Present incentives are clear: collaborate with (rather than develop a critical theory of) big data firms. As Zeynep Tufekci puts it, “the most valuable datasets have become corporate and proprietary [and] top journals love publishing from them.” “Big data” has an aura of scientific validity simply because of the velocity, volume, and variety of the phenomena it encompasses. Psychologists certainly must have learned *something* from looking at over 600,000 accounts’ activity, right?
The problem, though is that the corporate “science” of manipulation is a far cry from academic science’s ethics of openness and reproducibility.* That’s already led to some embarrassments in the crossover from corporate to academic modeling (such as Google’s flu trends failures). Researchers within Facebook worried about multiple experiments being performed at once on individual users, which might compromise the results of any one study. Standardized review could have prevented that. But, true to the Silicon Valley ethic of “move fast and break things,” speed was paramount: “There’s no review process. Anyone…could run a test…trying to alter peoples’ behavior,” said one former Facebook data scientist.
Grant Getters and Committee Men
Why are journals so interested in this form of research? Why are academics jumping on board? Fortunately, social science has matured to the point that we now have a robust, insightful literature about the nature of social science itself. I know, this probably sounds awfully meta–exactly the type of navel-gazing Senator Coburn would excommunicate from the church of science. But it actually provides a much-needed historical perspective on how power and money shape knowledge. Consider, for instance, the opening of Joel Isaac’s article Tangled Loops, on Cold War social science:
During the ﬁrst two decades of the Cold War, a new kind of academic ﬁgure became prominent in American public life: the credentialed social scientist or expert in the sciences of administration who was also, to use the parlance of the time, a “man of affairs.” Some were academic high-ﬂiers conscripted into government roles in which their intellectual and organizational talents could be exploited. McGeorge Bundy, Walt Rostow, and Robert McNamara are the archetypes of such persons.
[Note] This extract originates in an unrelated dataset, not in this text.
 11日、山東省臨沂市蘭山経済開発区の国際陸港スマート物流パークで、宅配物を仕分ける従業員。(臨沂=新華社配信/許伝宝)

An overlapping group of scholars became policymakers and political advisers on issues ranging from social welfare provision to nation-building in emerging postcolonial states.
Postwar leaders of the social and administrative sciences such as Talcott Parsons and Herbert Simon were skilled scientiﬁc brokers of just this sort: good “committee men,” grant-getters, proponents of interdisciplinary inquiry, and institution-builders. This hard-nosed, suit-wearing, business-like persona was connected to new, technologically reﬁned forms of social science. . . . Antediluvian “social science” was eschewed in favour of mathematical, behavioural, and systems-based approaches to “human relations” such as operations research, behavioral science, game theory, systems theory, and cognitive science.
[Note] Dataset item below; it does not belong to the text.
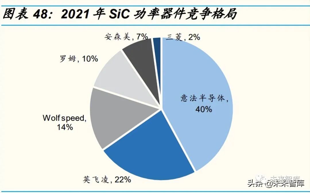 SiC 行业壁垒更高,竞争格局更优,国内企业积极布局。1)SIC 行业研发 周期长、制造难度高、资金投入高。①产业链涵盖衬底→外延→设计→制 造→封装,其中衬底、外延、制造、封装占晶片加工成本的 50%、25%、 20%、5%,其中 SiC 单晶生长过程几乎是黑箱操作、难以观测、难度极高。②英飞凌 1992 年开始进行碳化硅材料布局,直至近两年方开始大规模建厂扩产,2022 年 2 月英飞凌宣布将投资 20 亿欧元扩充第三代半导体产能, 预计项目达产贡献增量收入达 20 亿欧元。2)SiC 衬底、外延片集中度最 高,Wolfspeed 市占率达 50%,罗姆、II-VI 市占率达 35%,三家公司长晶 炉均为自己设计。SiC 功率器件的主要玩家包括意法半导体、英飞凌、 Wolfspeed、罗姆、安森美、三菱,2021 年 CR3 达 76%。3)国内企业纷 纷布局 SiC 领域,比亚迪 2020 年是国内唯一实现 SiC 模块在电机驱动控 制器中大批量装车。2022 年时代电气投资 4.6 亿元将现有 4 英寸 SiC 芯片 年 1 万片产能提升至 6 英寸 SiC 芯片年 2.5 万片。2021 年斯达半导募资 5 亿元拟投产年产 6 万片的 6 寸 SiC 芯片,截至 2021 年 9 月斯达半导已获 得 3.4 亿车规级 SiC MOSFET 模块订单。2021年 H1 士兰微 SiC 功率半导 体中试线已成功通线,预计于 2022 年三季度投产。

One of Isaac’s major contributions in that piece is to interpret the social science coming out of the academy (and entities like RAND) as a cultural practice: “Insofar as theories involve certain forms of practice, they are caught up in worldly, quotidian matters: performances, comportments, training regimes, and so on.” Government leveraged funding to mobilize research to specific ends. To maintain university patronage systems and research centers, leaders had to be on good terms with the grantors. The common goal of strengthening the US economy (and defeating the communist threat) cemented an ideological alliance.
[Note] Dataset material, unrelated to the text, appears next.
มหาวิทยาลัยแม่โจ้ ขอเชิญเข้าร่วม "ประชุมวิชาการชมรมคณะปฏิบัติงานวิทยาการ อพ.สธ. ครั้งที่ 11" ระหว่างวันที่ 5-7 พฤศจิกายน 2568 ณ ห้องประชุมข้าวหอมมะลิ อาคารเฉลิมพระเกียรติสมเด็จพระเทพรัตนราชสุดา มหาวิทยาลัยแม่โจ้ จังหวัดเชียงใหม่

Government still exerts influence in American social and behavioral sciences. But private industry controls critical data sets for the most glamorous, data-driven research. In the Cold War era, “grant getting” may have been the key to economic security, and to securing one’s voice in the university. Today, “exit” options are more important than voice, and what better place to exit to than an internet platform? Thus academic/corporate “flexians” shuttle between the two worlds. Their research cannot be too venal, lest the academy disdain it. But neither can it indulge in, say, critical theory (what would nonprofit social networks look like), just as Cold War social scientists were ill-advised to, say, develop Myrdal’s or Leontief’s theories. There was a lot more money available for the Friedmanite direction economics would, eventually, take.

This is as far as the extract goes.